§ WHAT NEEDS TO BE DONE:
In your copy of the data, omit the pictures and keep all else exactly as given.

Extracted records:
☆ ☆ ☆ ☆ ☆ ☆ ☆

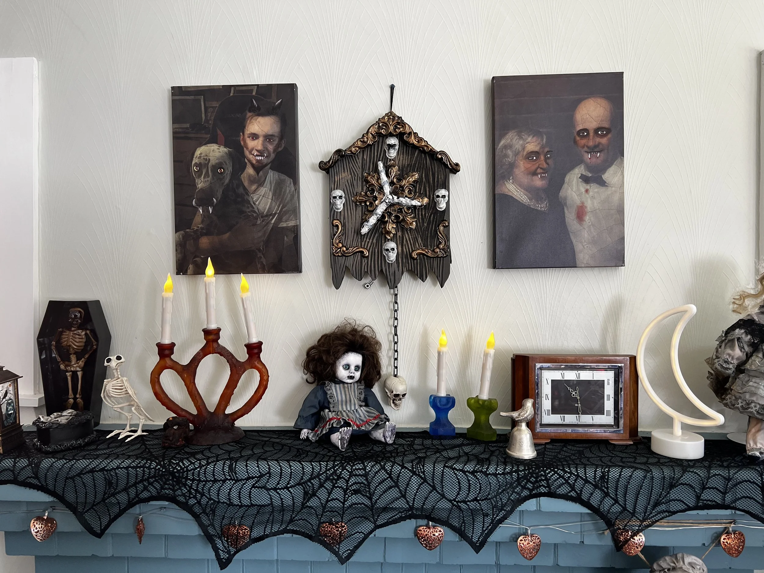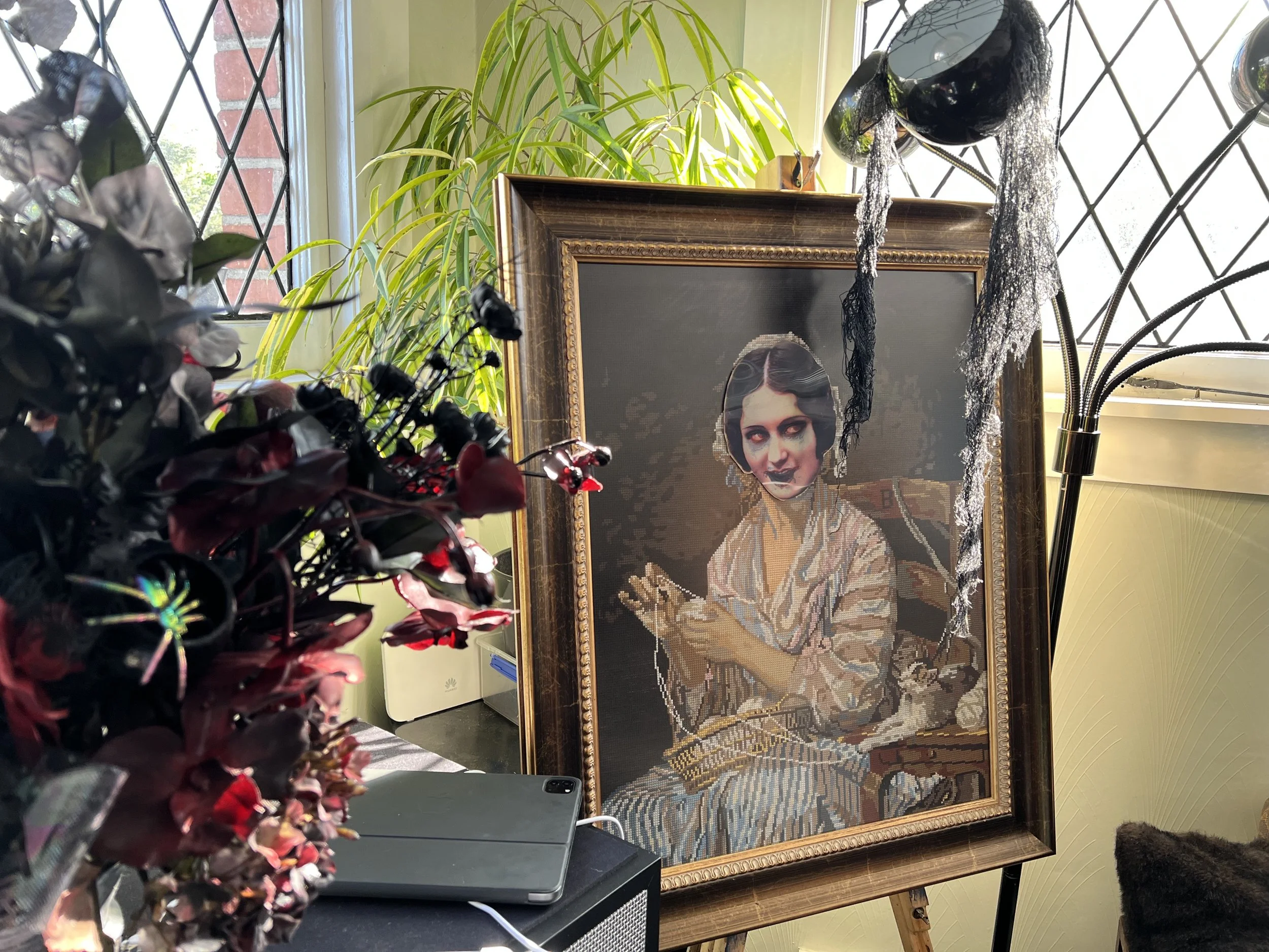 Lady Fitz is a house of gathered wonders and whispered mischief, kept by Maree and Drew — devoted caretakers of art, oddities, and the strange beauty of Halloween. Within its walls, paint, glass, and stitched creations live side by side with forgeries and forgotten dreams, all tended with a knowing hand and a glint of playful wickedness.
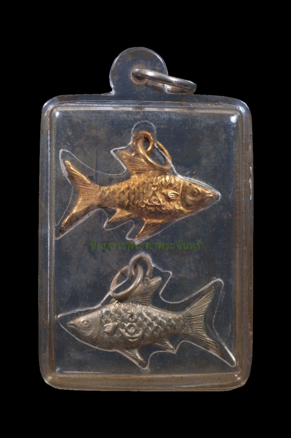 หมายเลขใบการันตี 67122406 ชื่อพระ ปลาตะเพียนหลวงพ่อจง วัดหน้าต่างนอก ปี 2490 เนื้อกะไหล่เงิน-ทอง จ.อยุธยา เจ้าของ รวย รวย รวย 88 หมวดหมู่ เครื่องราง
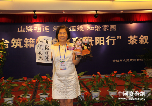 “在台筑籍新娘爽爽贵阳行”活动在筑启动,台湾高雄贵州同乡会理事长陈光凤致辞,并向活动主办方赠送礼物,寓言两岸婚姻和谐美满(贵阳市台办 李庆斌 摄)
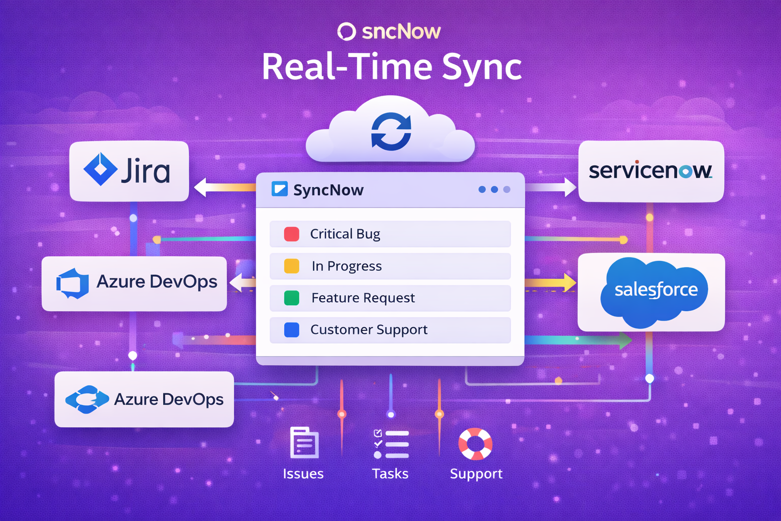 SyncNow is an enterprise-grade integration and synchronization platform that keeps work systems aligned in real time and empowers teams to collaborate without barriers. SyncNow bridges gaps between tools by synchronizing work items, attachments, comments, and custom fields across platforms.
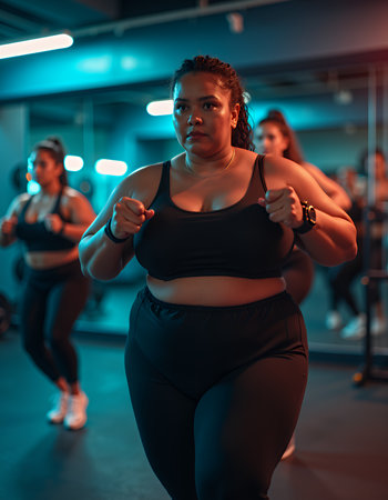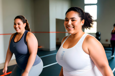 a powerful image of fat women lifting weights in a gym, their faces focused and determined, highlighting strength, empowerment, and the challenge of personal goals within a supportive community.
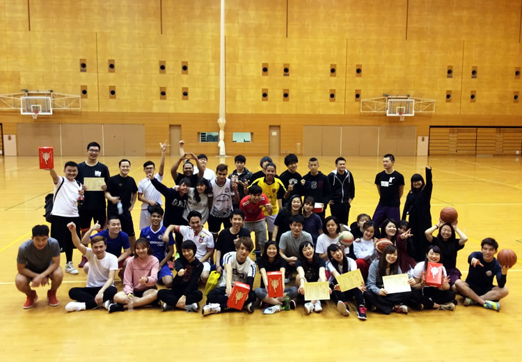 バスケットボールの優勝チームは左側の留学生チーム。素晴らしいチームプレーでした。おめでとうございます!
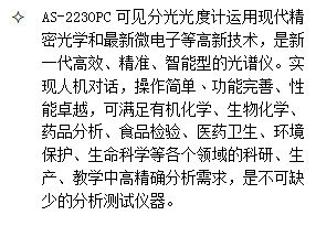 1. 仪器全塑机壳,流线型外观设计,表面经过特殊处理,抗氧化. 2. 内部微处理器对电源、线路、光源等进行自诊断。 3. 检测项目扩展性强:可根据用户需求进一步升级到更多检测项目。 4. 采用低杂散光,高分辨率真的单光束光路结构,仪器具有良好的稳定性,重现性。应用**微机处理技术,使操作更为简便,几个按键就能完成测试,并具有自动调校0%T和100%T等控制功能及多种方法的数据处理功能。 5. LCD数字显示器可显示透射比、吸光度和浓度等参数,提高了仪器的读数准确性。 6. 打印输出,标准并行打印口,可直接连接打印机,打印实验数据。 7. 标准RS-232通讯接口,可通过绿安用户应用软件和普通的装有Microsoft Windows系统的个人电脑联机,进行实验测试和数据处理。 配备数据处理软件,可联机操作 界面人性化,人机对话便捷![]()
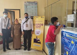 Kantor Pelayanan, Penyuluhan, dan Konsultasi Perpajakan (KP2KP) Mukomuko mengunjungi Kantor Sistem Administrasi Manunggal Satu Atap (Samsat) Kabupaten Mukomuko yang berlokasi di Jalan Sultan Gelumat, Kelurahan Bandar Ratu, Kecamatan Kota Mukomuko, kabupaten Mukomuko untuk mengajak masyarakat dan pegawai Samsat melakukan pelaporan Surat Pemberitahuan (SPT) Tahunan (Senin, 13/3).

☆ ☆ ☆ ☆ ☆ ☆ ☆

§ SOLUTION BELOW:
 Lady Fitz is a house of gathered wonders and whispered mischief, kept by Maree and Drew — devoted caretakers of art, oddities, and the strange beauty of Halloween. Within its walls, paint, glass, and stitched creations live side by side with forgeries and forgotten dreams, all tended with a knowing hand and a glint of playful wickedness.
 หมายเลขใบการันตี 67122406 ชื่อพระ ปลาตะเพียนหลวงพ่อจง วัดหน้าต่างนอก ปี 2490 เนื้อกะไหล่เงิน-ทอง จ.อยุธยา เจ้าของ รวย รวย รวย 88 หมวดหมู่ เครื่องราง
 “在台筑籍新娘爽爽贵阳行”活动在筑启动,台湾高雄贵州同乡会理事长陈光凤致辞,并向活动主办方赠送礼物,寓言两岸婚姻和谐美满(贵阳市台办 李庆斌 摄)
 SyncNow is an enterprise-grade integration and synchronization platform that keeps work systems aligned in real time and empowers teams to collaborate without barriers. SyncNow bridges gaps between tools by synchronizing work items, attachments, comments, and custom fields across platforms.
 a powerful image of fat women lifting weights in a gym, their faces focused and determined, highlighting strength, empowerment, and the challenge of personal goals within a supportive community.
 バスケットボールの優勝チームは左側の留学生チーム。素晴らしいチームプレーでした。おめでとうございます!
 1. 仪器全塑机壳,流线型外观设计,表面经过特殊处理,抗氧化. 2. 内部微处理器对电源、线路、光源等进行自诊断。 3. 检测项目扩展性强:可根据用户需求进一步升级到更多检测项目。 4. 采用低杂散光,高分辨率真的单光束光路结构,仪器具有良好的稳定性,重现性。应用**微机处理技术,使操作更为简便,几个按键就能完成测试,并具有自动调校0%T和100%T等控制功能及多种方法的数据处理功能。 5. LCD数字显示器可显示透射比、吸光度和浓度等参数,提高了仪器的读数准确性。 6. 打印输出,标准并行打印口,可直接连接打印机,打印实验数据。 7. 标准RS-232通讯接口,可通过绿安用户应用软件和普通的装有Microsoft Windows系统的个人电脑联机,进行实验测试和数据处理。 配备数据处理软件,可联机操作 界面人性化,人机对话便捷![]()
 Kantor Pelayanan, Penyuluhan, dan Konsultasi Perpajakan (KP2KP) Mukomuko mengunjungi Kantor Sistem Administrasi Manunggal Satu Atap (Samsat) Kabupaten Mukomuko yang berlokasi di Jalan Sultan Gelumat, Kelurahan Bandar Ratu, Kecamatan Kota Mukomuko, kabupaten Mukomuko untuk mengajak masyarakat dan pegawai Samsat melakukan pelaporan Surat Pemberitahuan (SPT) Tahunan (Senin, 13/3).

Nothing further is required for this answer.